Enters season 2 of ”Octopus“Stunt Coordinator Park Young-Sick was less concrete with upting the ante of season 1’s action work (which Won an Emmy for Outstanding Stunt Performance) Than with Aligning The Fight Sequet Seques With The Characters’ More Desperate Motional States. As Blank Slas, Unaware of Just How Brutal A Fight To The Death They Were Enteries.
“I think everyone came into the games that already know what will happen – people will die. This is a great game they play,” Park said through a translator. “Gi-Hun comes in in a very solemn and decisive way, where he promises to save other people. He has had the years of training. So we wanted to portray how he was a little more skilled than he was in season 1.”

This is clear in section 7, where Gi-Hun leads a rebellion against the masked guards dressed in hot pink jumpsuits. When one of the guards approaches him as he plays dead on the floor, he jumps smoothly on his feet and over -aggravates his enemy. And he is not the only player with greater physical abilities this time. Park and his colleague Stunt Coordinator Jeong Seong-Ho also had to show the skill of new competitors that are ex-military or, in the case of In-Ho (Lee Byung-Hun), ex-police.
In a scene, in-ho, alias Fronta supervisor of the competition masked as a player, confronts the purple hair braggart Thanos . In a quick, seemingly simple move, in-ho Thanos throws to the ground and begins to stifle him with one hand while raising the other in a tight fist ready to beat.

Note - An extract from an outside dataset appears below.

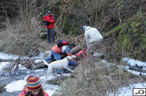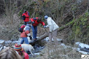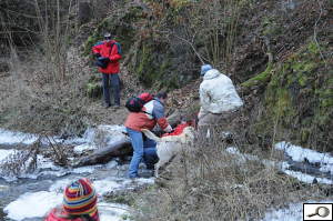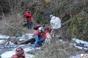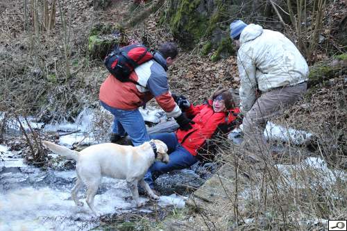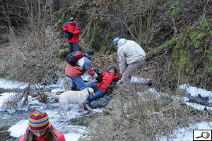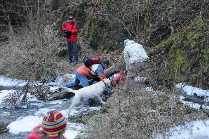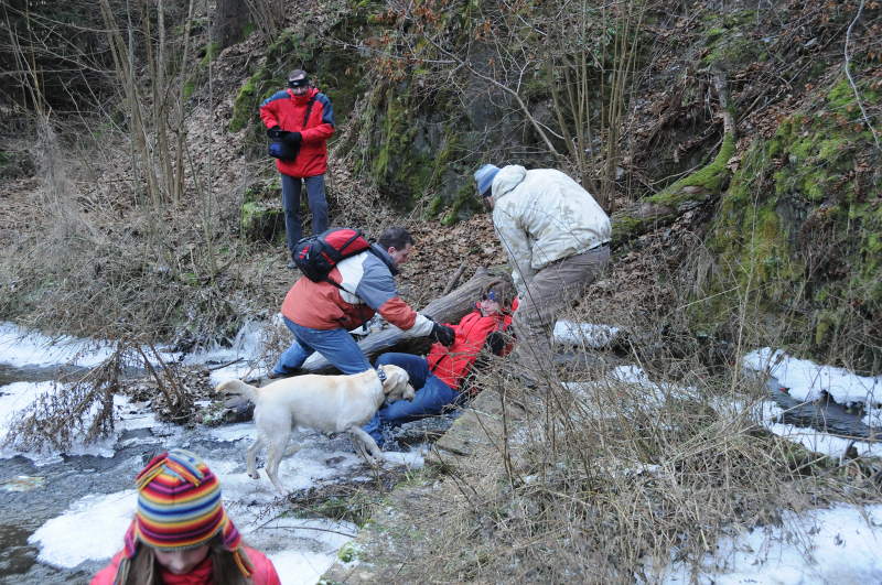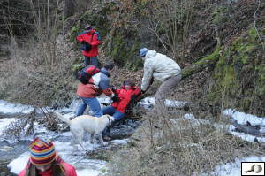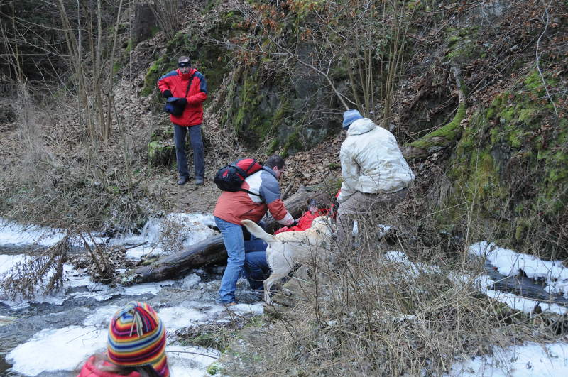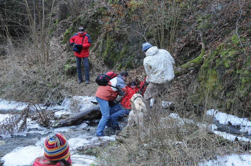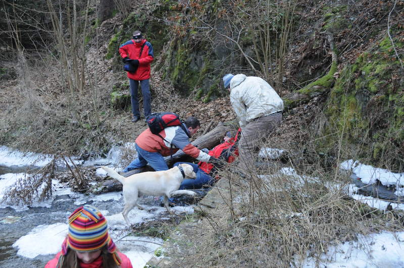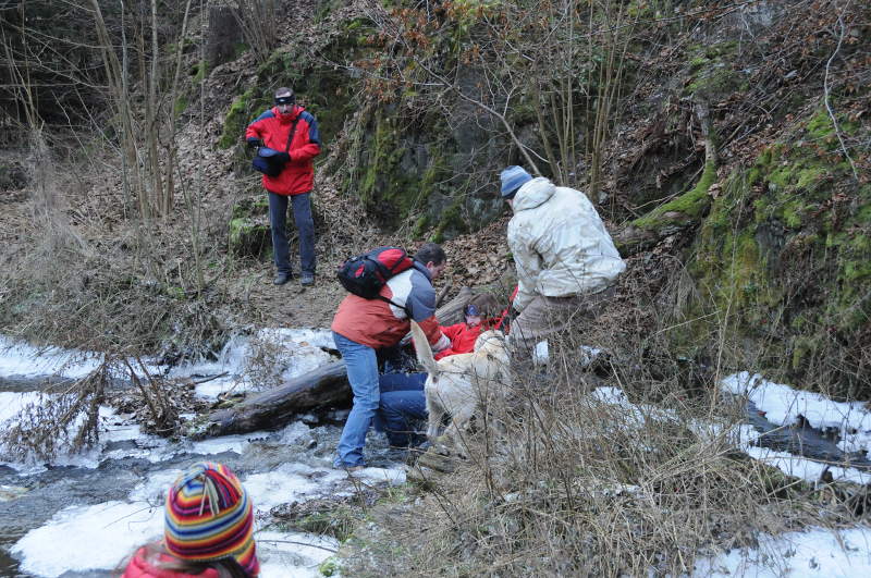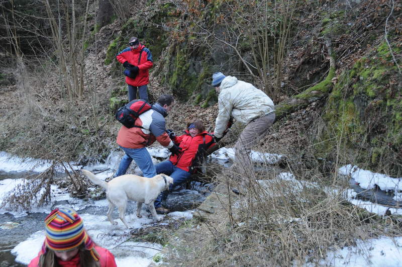 Tady to vypadalo ještě normálně: přátelé pomáhají kolegyni při přechodu přes potok. Trám je kluzký, jak se hned ukáže. I tenhle snímek jsem pořídil při nastavení na sérii, ale stiskl jsem spoušť jen krátce. Ta skutečná série následuje až dole – všimněte si prodlevy mezi prvním a následujícím záběrem. Pak už to jde velmi rychle.
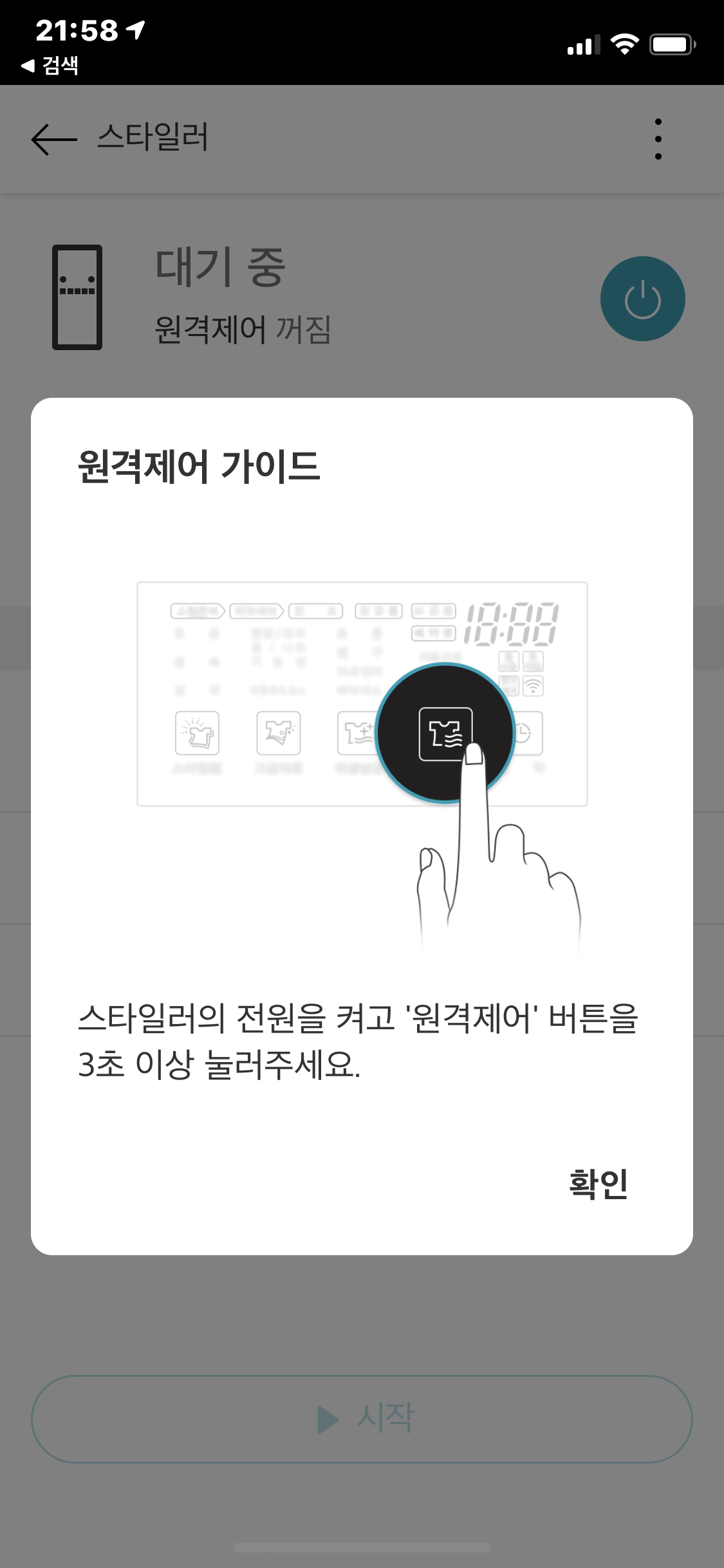 일단 연결이 되면 다음과 같은 화면을 볼 수 있다. 현재 스타일러는 켜놓은 상황이라 대기 중으로 표현된다. 원격제어를 위해서는 스타일러에서 '원격제어' 버튼을 눌러주어야 한다고 하는데, 많이 사용은 안 하게 된다.

“He has already killed and injured many people,” Park said. “So when he wants to attack someone, there is no doubt. Thanos and Nam-gyu, they are not big warriors. They are just bullies, the bad kids on the neighborhood. So we wanted to make sure there was that balance there. I had a lot of fun with it.”
A particularly brutal battle takes place in men’s bathrooms. Thanos, Thanos, abounds Myung-Gi, until his opponent suddenly shoots a fork in Thanos chin and kills him. After going through to block with the actors, the stunt coordinators worked closely with makeup and prosthetic types to determine the fork’s entrance point and degree of gore on Thano’s face, which the camera holds in a tight shot.

“One of the important points we had to deliver through that sequence was the clear death of Thanos,” Park said. “For some numbers you can go into this sequence with this person dying after an intense struggle – you would show a broad fighting scene and then you would find him dead. But we didn’t want to. We wanted to convey a sense of punishment for his evil – almost karma.”
Of course, this is “Squid Game”, the violence gets more violence. Moments after Thano’s bloody passing, the camera pulls back to reveal the whole group that strikes each other, pursues opponents in booths and throws bodies into mirrors. “We needed to show that people were in groups, that they came to each other from different pages, which is why we wanted to use some of the broader pictures,” Park said. Here, too, some players are more deep in the ring than others. “Just as much as the story of each character is extremely important, their physical abilities are very important for designing the action,” Park said. “It’s one of the most important things with my work.”